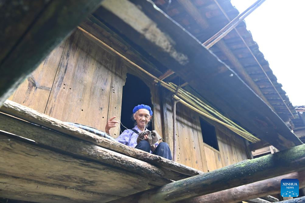 A villager does needlework inside her wooden Ganlan building in Pingliu Village of Longlin County in south China's Guangxi Zhuang Autonomous Region, July 31, 2024. Pingliu Village, spanning a history of over 200 years, is a Zhuang ethnic-minority hamlet that borders neighboring provinces of Yunnan and Guizhou. Among the well preserved traditions and costumes of the local Zhuang ethnic minority group, the local housing facility, Ganlan building, a stilt wood-structured residential architecture, is most distinctive.
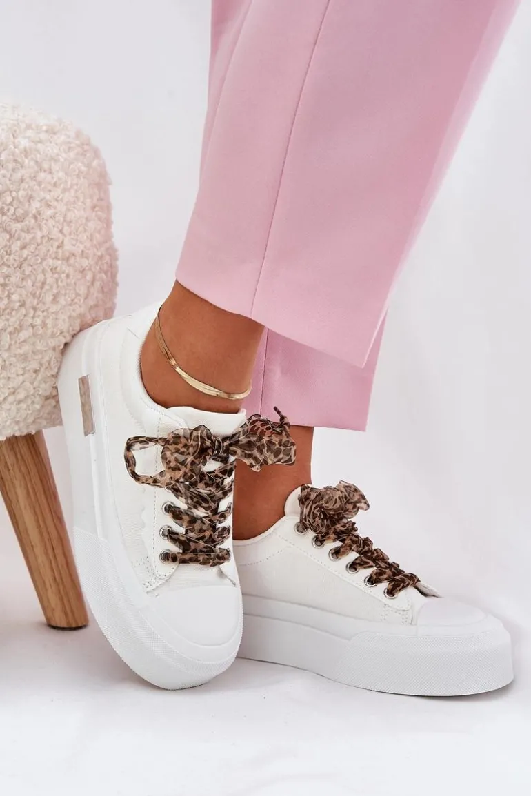 Trampki damskie wykonane z materiału tekstylnego. Osadzone na masywnej platformie, które łączą wygodę z modnym wyglądem. Model wyróżnia się ozdobnym sznurowaniem, które dodaje im charakteru, a zaokrąglone noski zapewniają komfort. Piankowa wkładka pokryta materiałem gwarantuje wygodę przez cały dzień. Idealne do codziennych stylizacji, te trampki będą doskonałym wyborem na każdą okazję. Przy wyborze rozmiaru prosimy sugerować się tabelą rozmiarów.
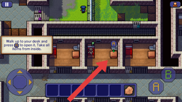 3、呈現(xiàn)了像素風格的監(jiān)獄場景,畫面中的提示引導玩家走到桌子前按鍵打開并拿走物品,這是收集資源的基礎操作。
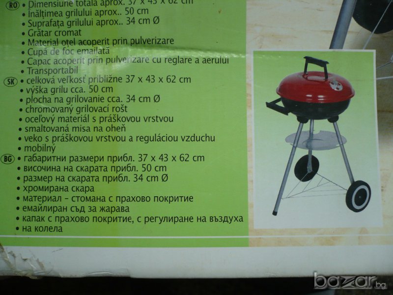 BBQ , барбекю , скара , НОВО БАРБЕКЮ КУПОЛНО СФЕРИЧНО , с капак НА КОЛЕЛА С РАЗМЕРИ 37 х 43 х 62 см. / барбекю количка GOGOMOTO.BAZAR.BG
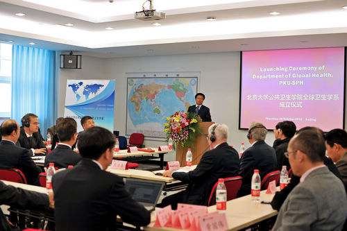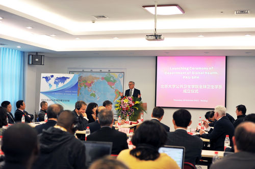 2012年10月25日,350vip浦京集团官网全球卫生学系成立大会在中国卫生发展研究中心三层报告厅举行。卫生部国际合作司王立基副司长、350vip浦京集团官网医学部方伟岗副主任、世界卫生组织驻华代表Michael O'Leary博士、英国国际发展部驻华代表处主任Chris Chalmers先生和项目官员乔建荣女士、英国发展研究所资深专家Gerry Bloom教授等出席了仪式。国内多所高等院校350vip浦京集团官网院长及350vip浦京集团官网师生近百人参加了仪式。仪式由350vip浦京集团官网院长孟庆跃教授主持。
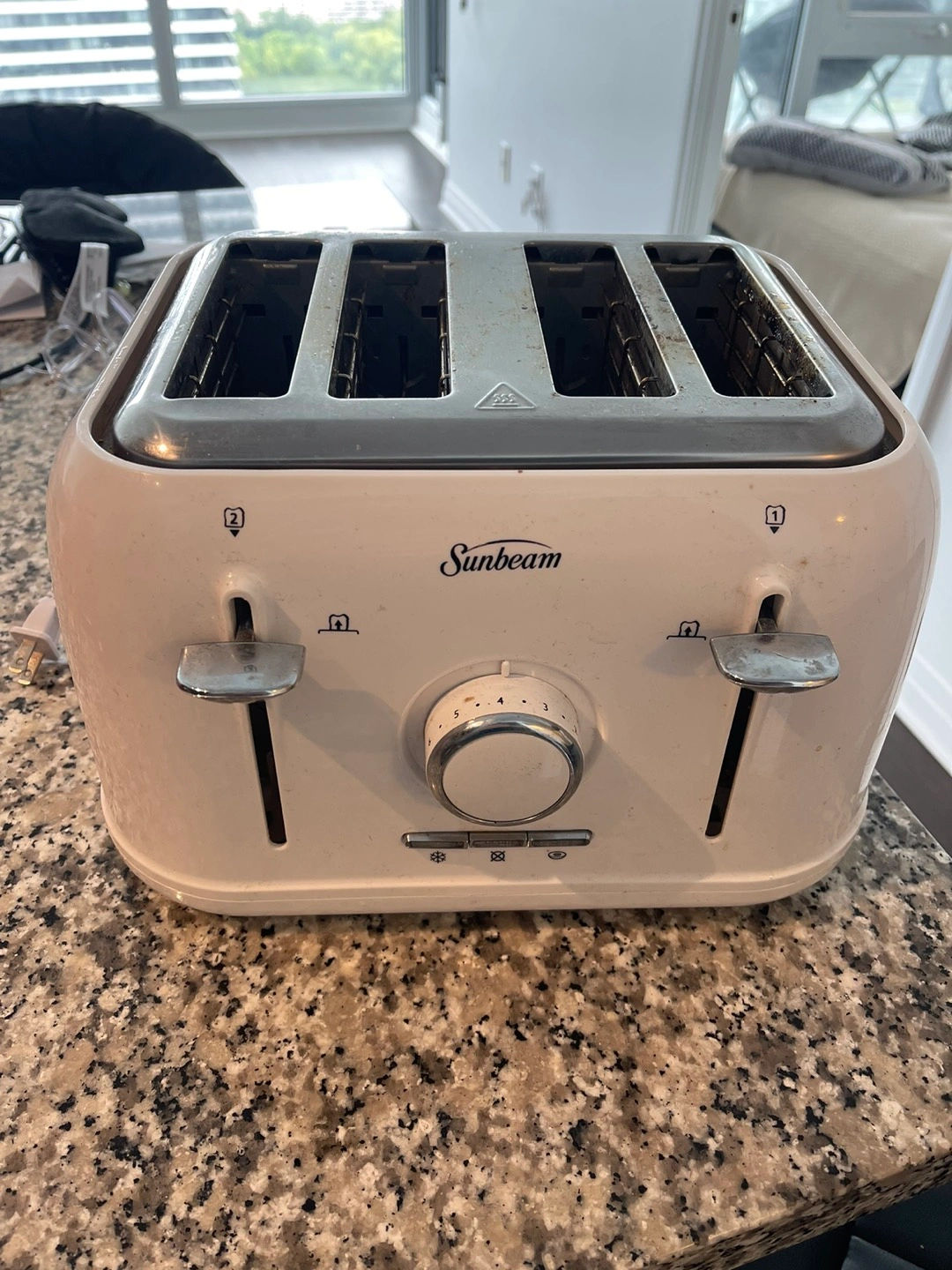 Sunbeam 4 slice bread toaster. Pick up on either Wednesday or Thursday. Fairly used but runs quite well. Has settings for bagels and de-freeze too. Reason - Moving out

------------------------------------------------------------------------

INSTRUCTIONS FOR THE TASK:
The reply has to reproduce every line above verbatim and contain no pictures.

YOUR SOLUTION:
 A villager does needlework inside her wooden Ganlan building in Pingliu Village of Longlin County in south China's Guangxi Zhuang Autonomous Region, July 31, 2024. Pingliu Village, spanning a history of over 200 years, is a Zhuang ethnic-minority hamlet that borders neighboring provinces of Yunnan and Guizhou. Among the well preserved traditions and costumes of the local Zhuang ethnic minority group, the local housing facility, Ganlan building, a stilt wood-structured residential architecture, is most distinctive.
 Trampki damskie wykonane z materiału tekstylnego. Osadzone na masywnej platformie, które łączą wygodę z modnym wyglądem. Model wyróżnia się ozdobnym sznurowaniem, które dodaje im charakteru, a zaokrąglone noski zapewniają komfort. Piankowa wkładka pokryta materiałem gwarantuje wygodę przez cały dzień. Idealne do codziennych stylizacji, te trampki będą doskonałym wyborem na każdą okazję. Przy wyborze rozmiaru prosimy sugerować się tabelą rozmiarów.
 3、呈現(xiàn)了像素風格的監(jiān)獄場景,畫面中的提示引導玩家走到桌子前按鍵打開并拿走物品,這是收集資源的基礎操作。
 BBQ , барбекю , скара , НОВО БАРБЕКЮ КУПОЛНО СФЕРИЧНО , с капак НА КОЛЕЛА С РАЗМЕРИ 37 х 43 х 62 см. / барбекю количка GOGOMOTO.BAZAR.BG
 2012年10月25日,350vip浦京集团官网全球卫生学系成立大会在中国卫生发展研究中心三层报告厅举行。卫生部国际合作司王立基副司长、350vip浦京集团官网医学部方伟岗副主任、世界卫生组织驻华代表Michael O'Leary博士、英国国际发展部驻华代表处主任Chris Chalmers先生和项目官员乔建荣女士、英国发展研究所资深专家Gerry Bloom教授等出席了仪式。国内多所高等院校350vip浦京集团官网院长及350vip浦京集团官网师生近百人参加了仪式。仪式由350vip浦京集团官网院长孟庆跃教授主持。
 Sunbeam 4 slice bread toaster. Pick up on either Wednesday or Thursday. Fairly used but runs quite well. Has settings for bagels and de-freeze too. Reason - Moving out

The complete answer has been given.